I am working on a web scraping project using Scrapy to extract job information from Indeed job listings. My goal is to extract job titles, locations, and salary information from the job listings. While I've managed to extract most of the required data, I'm facing difficulties with correctly extracting the salary information.
I've noticed that the salary information is embedded within the "salarySnippet" dictionary in the JSON response. However, I'm having trouble accessing the actual salary text and currency values from this dictionary. Here's a snippet of my current code:
import scrapy
import re
import json
class IndeedJobSpider(scrapy.Spider):
name = 'indeed_jobs'
start_urls = ['https://in.indeed.com/jobs?q=python+developer&l=Kerala&vjk=372ecad0fcaac92a']
def parse(self, response):
# Extract job titles
script_tag = re.findall(r'window.mosaic.providerData\["mosaic-provider-jobcards"\]=(\{.+?\});', response.text)

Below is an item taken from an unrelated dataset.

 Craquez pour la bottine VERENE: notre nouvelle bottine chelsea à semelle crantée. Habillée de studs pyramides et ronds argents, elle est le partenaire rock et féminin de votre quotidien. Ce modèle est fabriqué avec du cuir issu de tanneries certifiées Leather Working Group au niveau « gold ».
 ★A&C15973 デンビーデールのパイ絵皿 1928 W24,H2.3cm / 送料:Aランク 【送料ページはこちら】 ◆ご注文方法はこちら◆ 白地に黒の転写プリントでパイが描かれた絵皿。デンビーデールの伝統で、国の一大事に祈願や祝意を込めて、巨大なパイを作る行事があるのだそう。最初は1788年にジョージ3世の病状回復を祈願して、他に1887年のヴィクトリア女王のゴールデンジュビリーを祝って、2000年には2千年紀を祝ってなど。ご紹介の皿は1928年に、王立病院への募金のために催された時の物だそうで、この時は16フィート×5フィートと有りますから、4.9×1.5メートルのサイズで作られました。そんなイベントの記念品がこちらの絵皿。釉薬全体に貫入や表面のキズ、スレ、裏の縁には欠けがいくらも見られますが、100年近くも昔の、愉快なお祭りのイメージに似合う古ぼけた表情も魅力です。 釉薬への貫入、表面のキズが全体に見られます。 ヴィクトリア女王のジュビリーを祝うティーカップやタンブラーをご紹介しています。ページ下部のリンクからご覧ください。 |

if script_tag is not None:
json_blob = json.loads(script_tag[0])
jobs_list = json_blob['metaData']['mosaicProviderJobCardsModel']['results']
for job in jobs_list:
job_name = job.get('displayTitle', 'N/A')

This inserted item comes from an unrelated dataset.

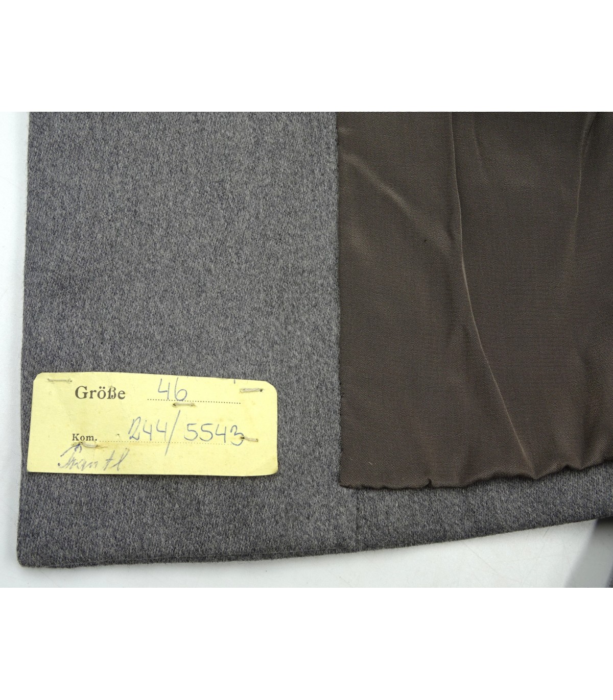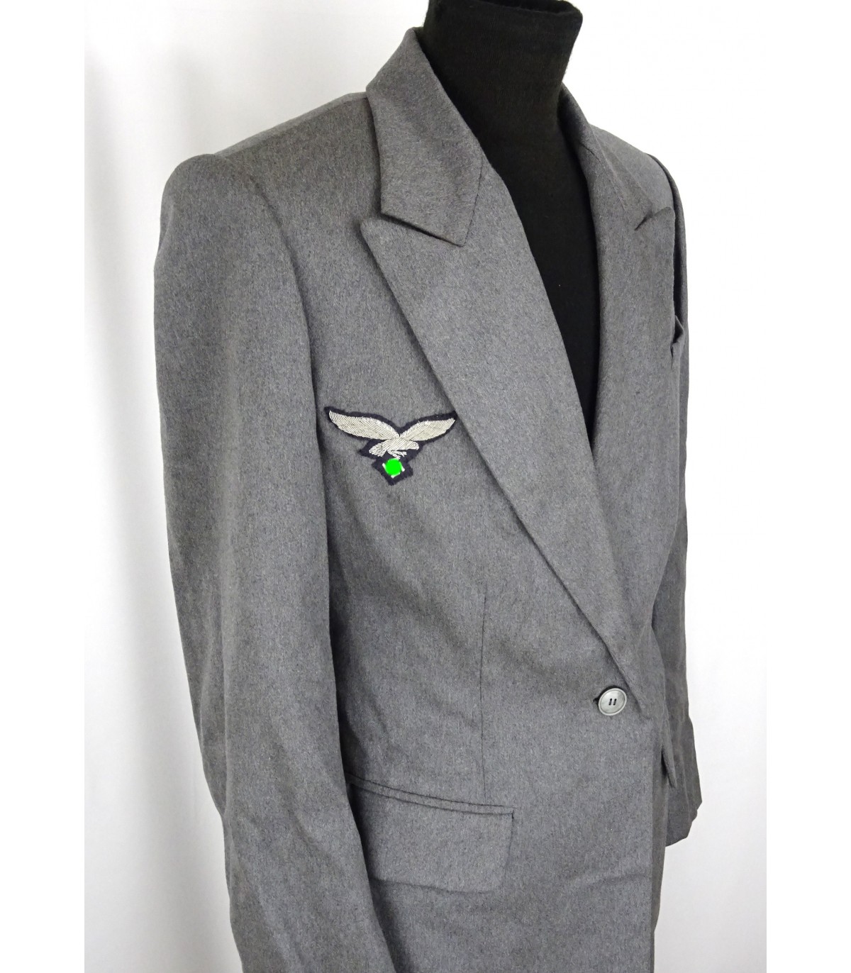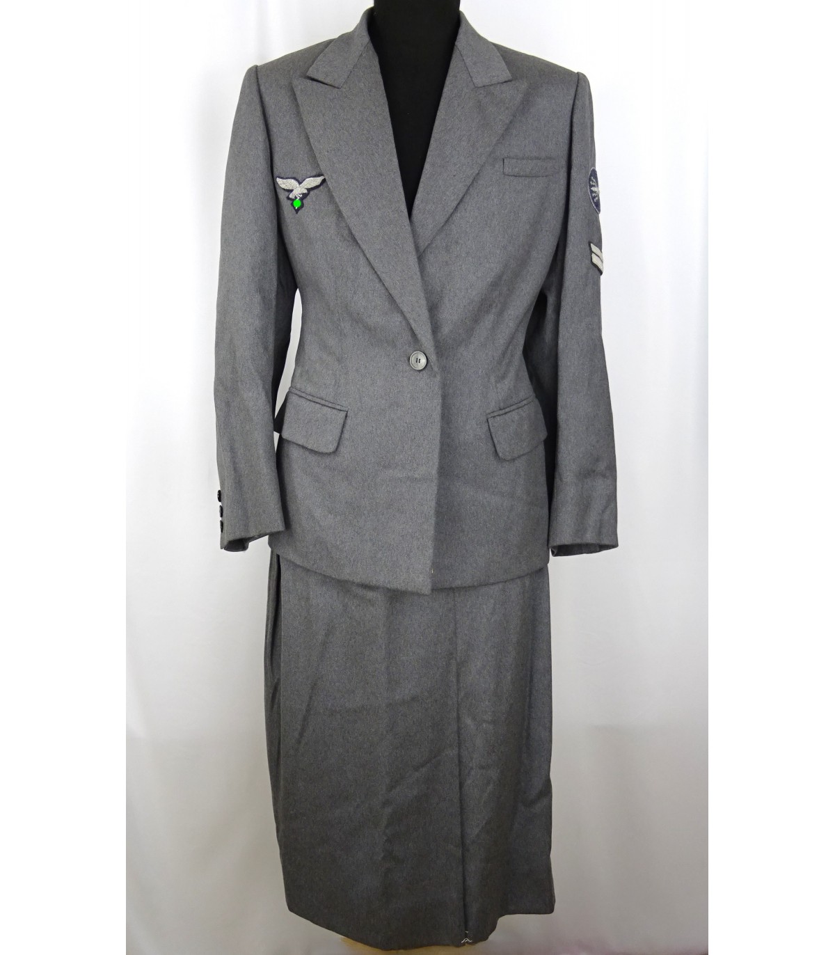 Veste de coupe spécifique, superbe aigle de poitrine brodé main. Insigne de manche des transmissions et chevron de grade de Luftnachrichten-Flugmelde-Oberhelferin (senior plane spotter auxiliary). Etiquette papier fabricant. Gabardine fine, doublure de satinette grise. avec jupe assortie. Très rare ensemble.

job_location = job.get('formattedLocation', 'N/A')
# Extract the salary text from the 'salarySnippet' dictionary
salary_snippet = job.get('salarySnippet', {})

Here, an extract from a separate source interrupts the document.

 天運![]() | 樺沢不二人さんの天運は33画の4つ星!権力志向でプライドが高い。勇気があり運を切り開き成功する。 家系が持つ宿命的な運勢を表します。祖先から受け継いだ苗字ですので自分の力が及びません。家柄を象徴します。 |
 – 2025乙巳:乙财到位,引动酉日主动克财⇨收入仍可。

print(f"Job Name: {job_name}")
print(f"Job Location: {job_location}")
print(f"Salary Info: {salary_snippet}")
print("-" * 40)
output:-
Job Name: Python Developer
Job Location: Thiruvananthapuram, Kerala
Salary Info: N/A
----------------------------------------
Job Name: Python Developer
Job Location: Edapalli, Kerala
Salary Info: N/A
----------------------------------------
Job Name: Python Developer
Job Location: Ernakulam, Kerala
Salary Info: N/A
----------------------------------------
Job Name: Python Django Developer
Job Location: Kochi, Kerala
Salary Info: N/A
----------------------------------------
Job Name: Backend Developer (Python)
Job Location: Kochi, Kerala
Salary Info: N/A
console data :-
salarySnippet
:
{currency: 'INR', salaryTextFormatted: false, source: 'EXTRACTION', text: '₹40,000 - ₹70,000 a month'}